Final Mission Report
Mars Desert Research Station Crew 142 Files Final Report
November 24, 2014
The following is the final report of MDRS Crew 142, which recently completed its rotation at the Mars Desert Research Station.
The 142nd crew rotation at the Mars Desert Research Station has just completed its ten day period in sim as part of the MA365 crew selection process and the crew are pleased to report a successful and productive mission in which nearly all of our mission objectives were achieved.
During our fifteen days at the hab, Crew 142 mounted a total of 9 in sim EVAs to sample and assess the terrain surrounding the hab for gene mining and to assess feasibility of sea ice and permafrost experiments at FMARS. We conducted experiments on the usefulness of flying drones to guide EVA activity and perform remote reconnaissance. We also used the greenhab to experiment with using cyanobacteria to convert Martian resources into a form that is suitable for plant growth, and to experiment with Martian soil amendments to determine the viability of growing food on Mars.

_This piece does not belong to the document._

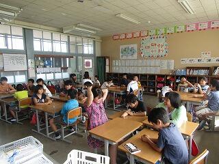 その後は狭野小で見学のまとめを行い、みんなで楽しくお弁当を食べました。みんなで楽しく交流を深めることができたと思います。

In addition, as the first crew of the season, we had the task of bringing the hab back online, including not only the expected amount of cleaning and organizing, but also creating inventories, and identifying and addressing a number of significant equipment deficiencies in order to achieve a state where we could conduct a full sim. All of this had to be done in the absence of an up to date operations manual, as the new one is still in the process of being prepared. A number of teething troubles still remained, such as unreliability of some ATVs and a very delicate toilet system. But these are all issues that could occur on Mars, and were dealt with accordingly.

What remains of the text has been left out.